More on the birth/grow/born connection; there's a painting in the Museo Nazionale di Spina, Ferrara, Italy depicting "THE BIRTH OF DIONYSOS": Ancient Greek Art: Birth of Dionysus
The caption to this image reads:


> Dionysos is depicted in this painting newly born from the thigh of Zeus. The king of the gods holds a thyrsos (a pine-cone tipped staff), one of the usual attributes of Dionysos, and sits on a stool spread with a deer skin. His infant son holds a vine-branch in one hand and a wine cup in the other, indicating his destined role as the god of wine. The goddesses Aphrodite and *Eileithyia* stand on either side, Aphrodite holding a pair of flower blooms, and Eileithyia, the *goddess of childbirth*, raising her hand to release the child.


So indeed we have one Eileithyia (which sounds particularly similar to Eleutheria) as goddess  of childbirth.


----------



## sotos

Concurrent to the meanings of "birth" and "freedom" is the (subconscious)  "coming, arrival" (έλευσις).

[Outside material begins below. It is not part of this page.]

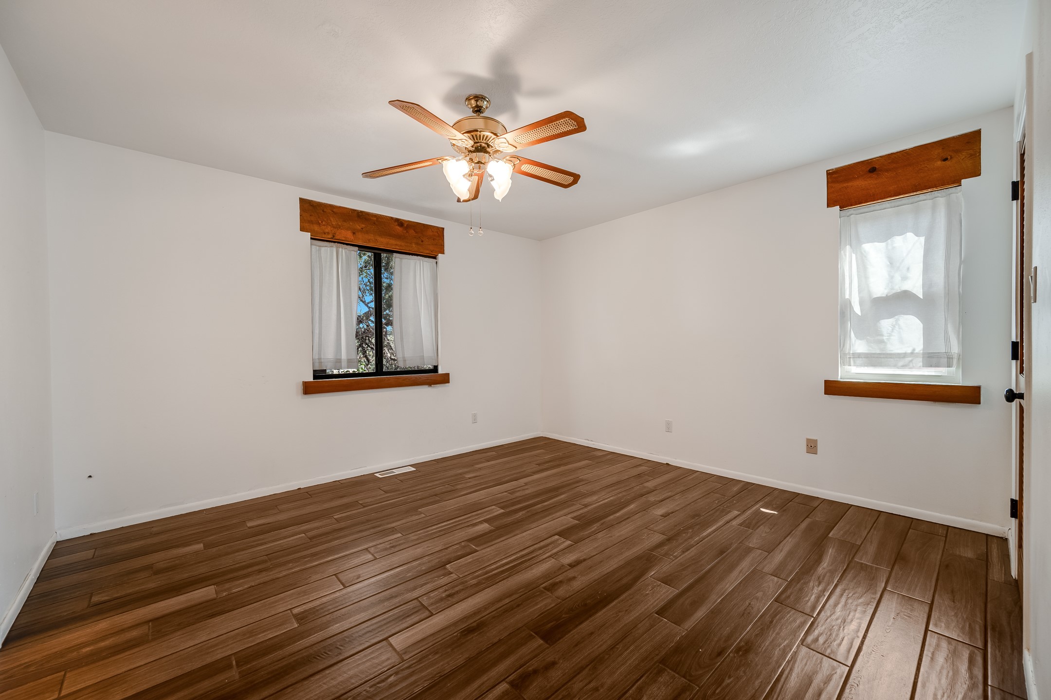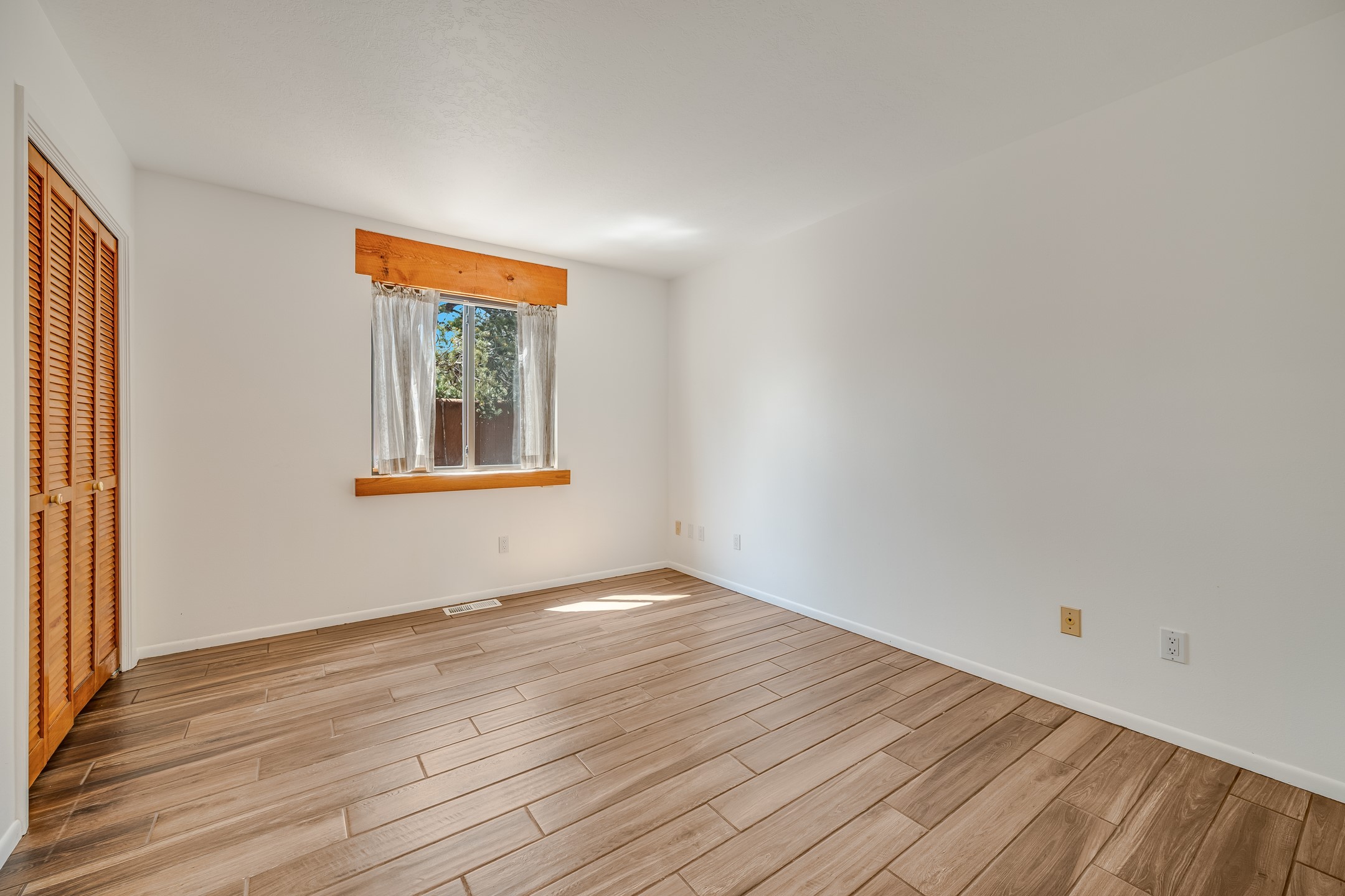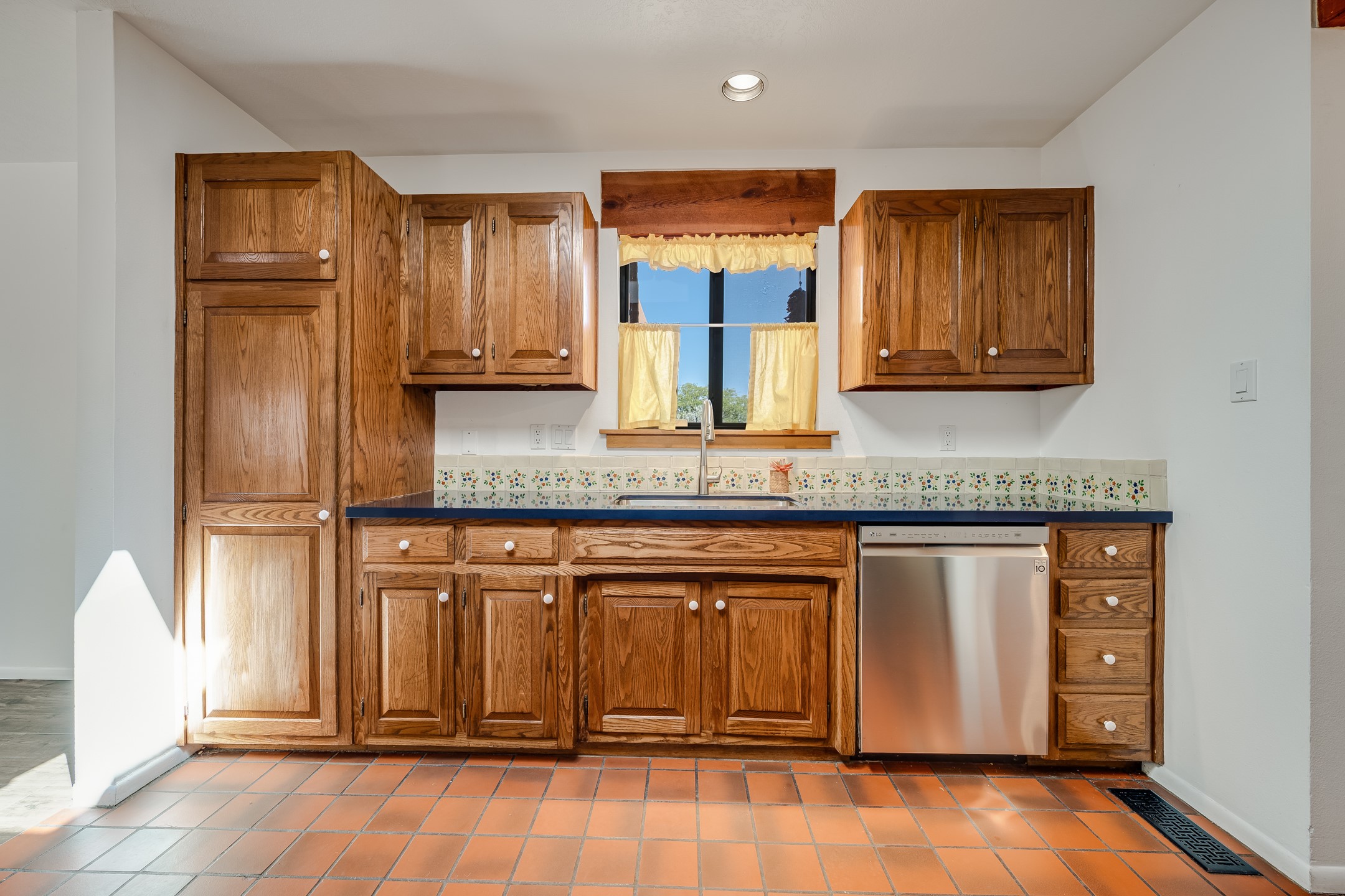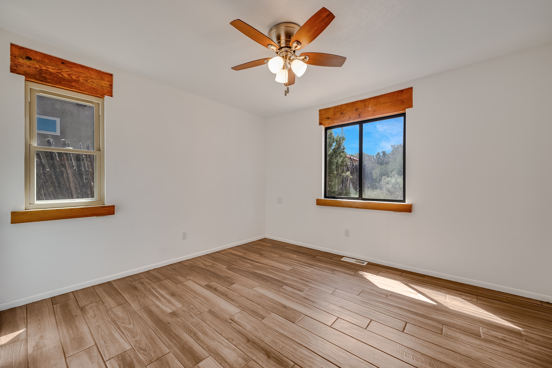 This move-in ready, DeVargas Heights home offers +/- 1,900 square feet of comfortable living space on a generous corner lot. The well maintained home features a classic, single-level floorpan with 3 bedrooms and 2 bathrooms, a central kitchen, dedicated living & dining areas, plus a large bonus sunroom with wood-burning stove. Tile flooring, high ceilings, and a cozy kiva fireplace add warmth and light to the interior. Outfitted with stainless steel appliances, and new countertops to enhance the sturdy cabinetry, the kitchen seamlessly transitions from intimate dinners to entertaining guests. The spacious primary bedroom is a peaceful retreat, while the two additional bedrooms offer flexibility for guests or a home office. Outside, the expansive 0.4 acre property boasts mature trees, established high desert plantings, outdoor patio with pergola, and ample room for outdoor living or gardening. A two-car garage offers additional storage or space for hobbies while the new roof c. 2018 and recent stucco will provide peace of mind for years to come. Located near parks, healthcare facilities, and within the Wood Gormley Elementary School footprint, this home combines comfort and practical amenities with Santa Fe charm, in a sought-after Santa Fe neighborhood. **See Broker Remarks for additional details, as provided by Seller.

The coming of a new man in the society, either as a newborn or as a free man. 
Notice the persistence of those meaning in the person of the Οrthodox Saint Eleutherios, the protector of pregnant women, in folk belief.


----------



## Αγγελος

λευτερώνομαι (<ελευθεροῦμαι) means i.a. "to give birth" in Modern Greek, just as "delivery" (ultimately from Latin "liber") also means the act of giving birth in English.


----------